Low molecular weight heparins (LMWH) are extensively used as anticoagulation for primary and secondary prophylaxis against thrombosis, particularly in patients with malignancy. There are several known dermatological side-effects of LMWH, including injection site hematoma and skin necrosis, eczematous dermatitis, and the lesser known bullous hemorrhage dermatosis (BHD). The latter was first described in 2004 by Dyson et al. [1]. It typically presents as intra-epidermal lesions found mainly on the extremities and torso, with a black appearance. The lesions occur at sites distant from injection, suggesting a systemic mechanism. There have been several small case series on BHD, but none have captured a complete review of reported cases. The frequent use of LMWH warrants systematic review of this side-effect so clinicians recognize its characteristics and know how to intervene. We sought to describe a case of BHD at our institution and provide a complete summary of the existing English and Spanish literature.

We performed a literature search of Pubmed, Scopus, Ovid Embase and Ovid Medline. The keywords for the search were “bullous” “hemorrhagic” and “dermatitis”. Of the initial 213 search results, 51 were found to be duplicates. The remaining 162 were reviewed by title and abstract. Of these, 33 were deemed relevant to BHD, and the entire article was reviewed. The majority of the excluded search results either did not include anticoagulant use or were relevant to dermatologic diseases other than BHD.

Case presentation

Our patient is a 62-year-old male with multiple comorbidities including morbid obesity, coronary artery disease, lipodermatosclerosis of the lower extremities, chronic peripheral venous insufficiency, and prostate cancer (Gleason 4+5) on long-term androgen deprivation therapy.
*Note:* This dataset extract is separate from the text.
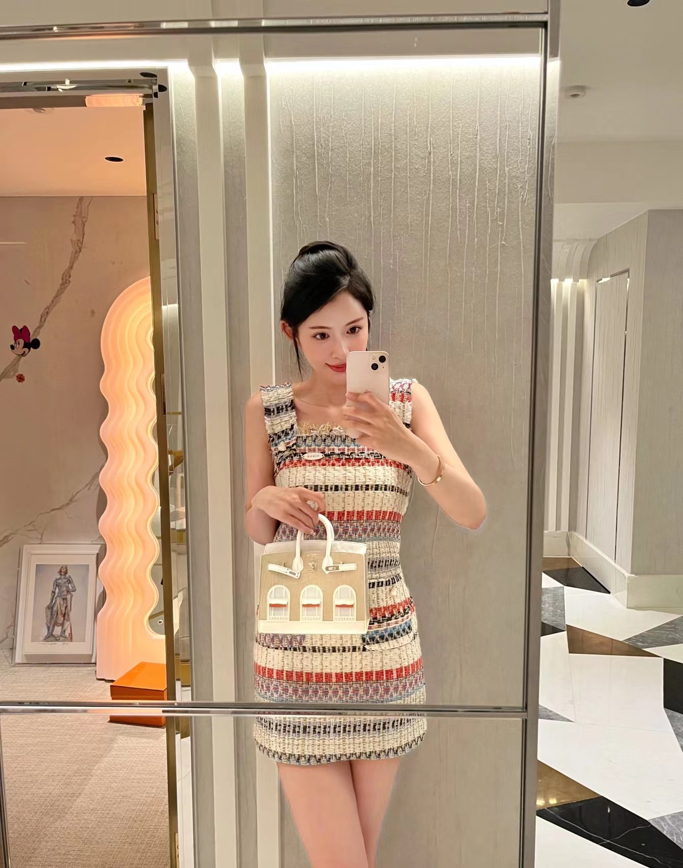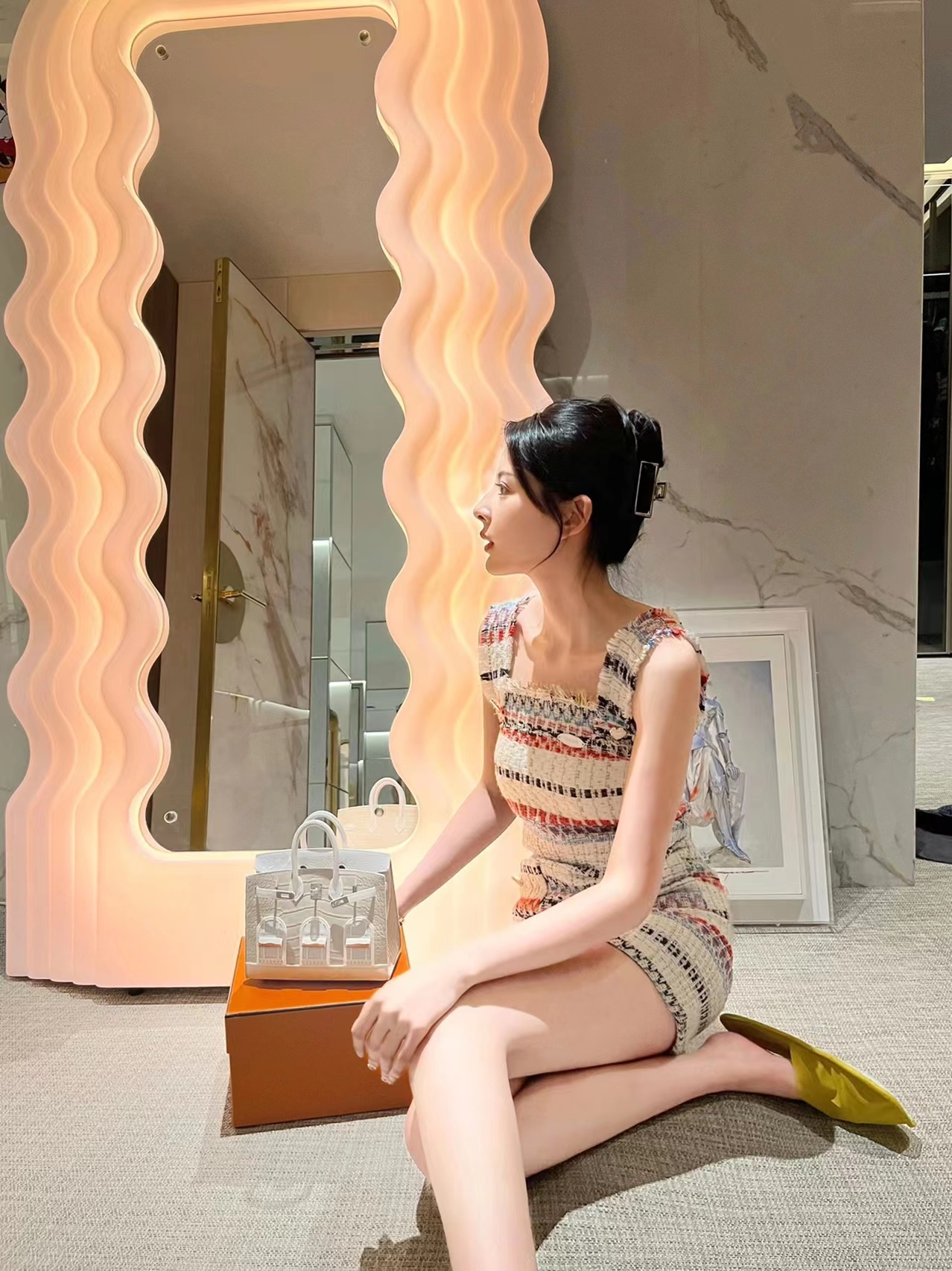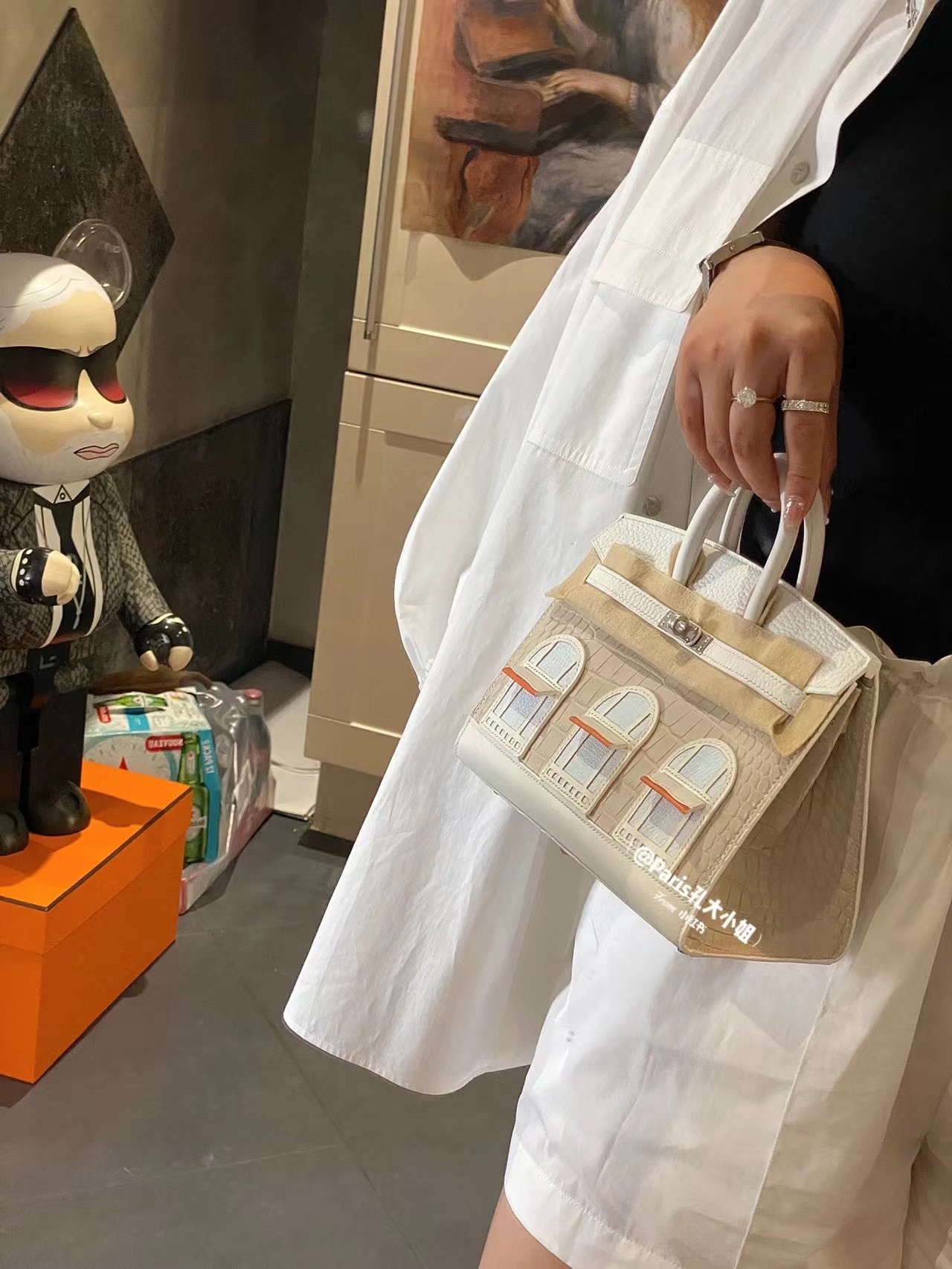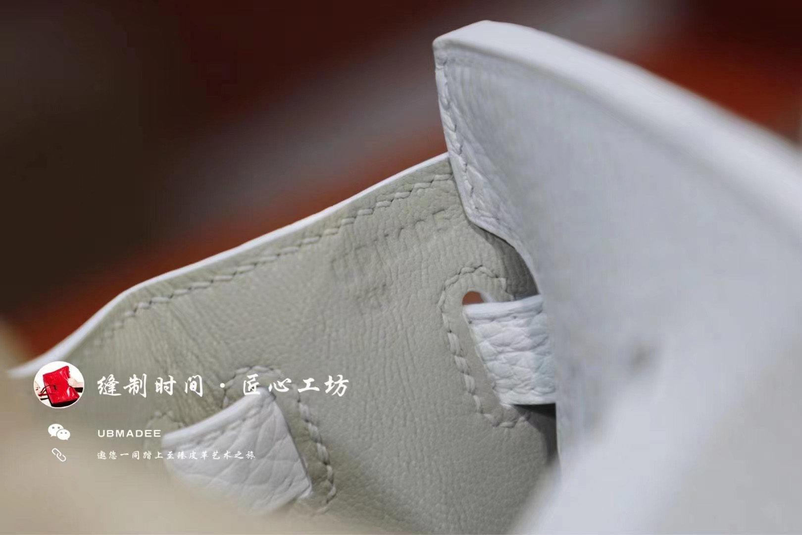• Hermes Birkin 20 Sellier Neige (Snow) White Faubourg House Alligator 8L Beton+blanc+T0 Bleu Brume Bag

He was previously treated with docetaxel for pelvic lymph node metastases. The patient also had a small renal tumor for which he was followed with imaging. He had a distant history of varicose vein ligation. While undergoing surveillance imaging to evaluate for spread of his prostate cancer, an incidental pulmonary embolism was discovered. He was started on enoxaparin 120 mg by subcutaneous injection twice daily. Within several days the patient noticed several small black blisters on his hands that resolved spontaneously. These were not reported by the patient or observed by any practitioner during routine clinic visits. The timeline of development of hemorrhagic skin lesions of this patient is outlined in Fig. 1. Four months after starting anticoagulation with enoxaparin, he presented with several large hemorrhagic bullae on his calves (Figs. 2 and 3). His coagulation values and his platelet count were within normal range. The diagnosis of bullous hemorrhagic dermatosis (BHD) was made by visual inspection. Therefore, no biopsy was performed. Enoxaparin was discontinued and apixaban was started as alternative anticoagulation. The lesions healed in 3 weeks with intensive outpatient wound care and have not recurred to date while on apixaban.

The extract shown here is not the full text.